Re: [EXT] Re: Upper ontologies

Dear Marcel,

right because this would no longer be a perspective but the world as it 
is and not as it appears to us. Kant called this the "Ding-an-sich".

Dieter

On 20.01.2021 09:07, Marcel Fröhlich wrote:
> Exactly this. Thank you!
>
> Describing the world necessarily means choosing a perspective and 
> there is no reason to believe that an all encompassing "fundamental" 
> perspective exists.
>
> Marcel
>
>
> Am Mi., 20. Jan. 2021 um 07:24 Uhr schrieb <phayes@ihmc.us 
> <mailto:phayes@ihmc.us>>:
>
>     OK, I had promised myself to stay out of these discussions, but …
>
>     No, this will not work. It has been tried, many times. Every
>     existing upper ontology was built by people who honestly believed
>     that they would do this, and were willing in some cases to
>     sacrifice years of their professional lives to achieve this. I was
>     part of several of these initiatives, some of them financed by
>     agencies like the US Army and DARPA. But still we have a host of
>     upper ontologies.
>
>     And there is a good reason why this happens.
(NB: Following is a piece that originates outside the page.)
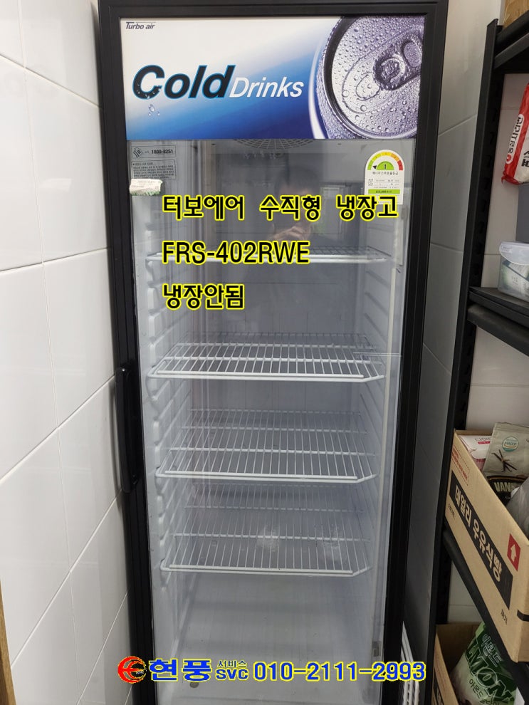 터보코리아 제품 터보에어 업소용 수직형 냉장고 냉장 안됨 모델 FRS-402RWE 2021년식 여기저기 점검...

Yes, we are all
>     talking about the same one world. And let us assume, for the
>     purposes of argument, that we are all using the same formalism.
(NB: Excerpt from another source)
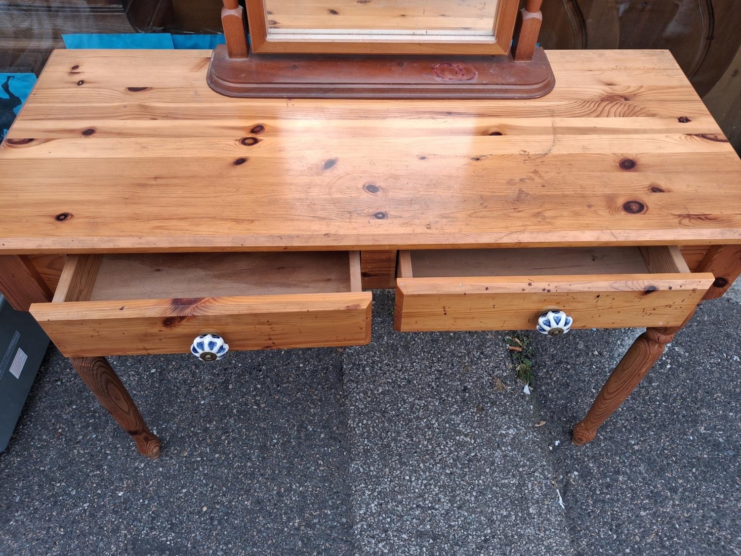 Pine Dressing Table/Hall Table With China Handles And A Dressing Table Mirror

>     (Of course not true, but translating between formalisms is
>     relatively straighforward.) Still, we will not all create the same
>     ontology, or even compatible ontologies. (I called this the
>     "diamond of confusion" in a talk about 20 years ago.) And this is
>     because an ontology is, in Tom Gruber's phrase, a formalization of
>     a /conceptualization/, not a formalization of /reality/. And while
>     there is widespread agreement on the nature of the actual world,
>     there is most emphatically not universal agreement on
>     conceptualizations of it. People are still arguing about
>     ontological conceptualizations that were discussed by the Greek
>     philosphers 2000 years ago.
>
>     I can illustrate this with a very old, /very/ thoroughly discussed
>     example, which is how to describe things that are extended in
>     time. That is, things in the physical world, not abstract things
>     like numbers or ideas. There are two main ways to think about this.
>
>     In one, often called the 4d perspective, all things in time and
>     space occupy some chunk of time and of space, and we describe them
>     by talking about their parts, including their temporal 'slices'.
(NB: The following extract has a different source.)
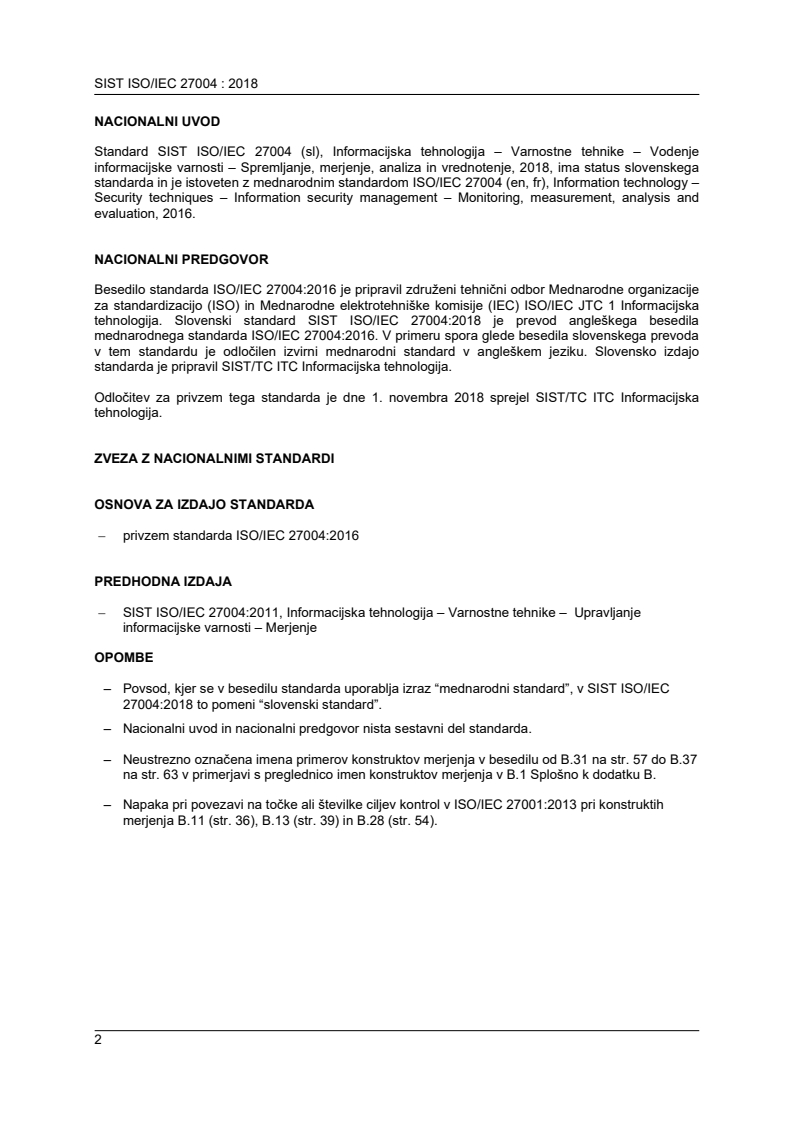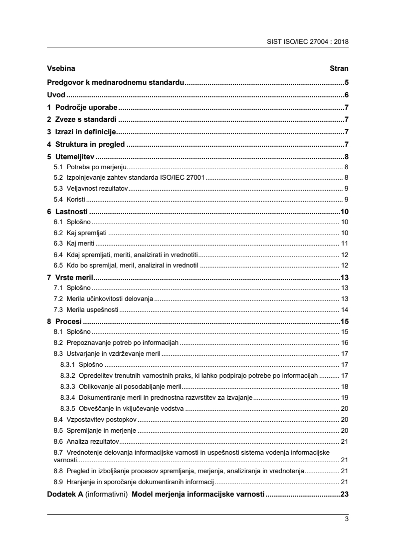 Ta dokument podaja smernice za pomoč organizacijam pri ocenjevanju uspešnosti informacijske varnosti in učinkovitosti sistema upravljanja informacijske varnosti za namene izpolnitve zahtev standarda ISO/IEC 27001:2013, 9.1. Določa:

>     So I – PatHayes4 – am a four-dimensional entity, and we can say
>     things like [**]
>     Weight(PatHayes4@2020) > Weight(PatHayes4@1966)
>     to express the regrettable fact that I am getting heavier. The @
>     symbol here is a function that takes a time-extended thing (me, in
>     this case) and a time, and returns a time-slice of that temporally
>     exended thing. So PatHayes4@1966 is a thing that I might call 'Me
>     in 1966', and PatHayes4 is me throughout my lifetime. The me who
>     is present at any particular time, such as now, is only one
>     momentary timeslice of the entire PatHayes4.
>
>     In another way of thinking, there is a fundamental distinction
>     between 'things' (like you and me) and 'events' which happen.
>     (Other terminologies are often used: continuants vs occurrents or
>     perdurant vs endurant. I will stick to things and events.) Things
>     are 3-d, dont have temporal 'parts', and are identically the same
>     thing as time passes. (They continue as time passes; they endure.)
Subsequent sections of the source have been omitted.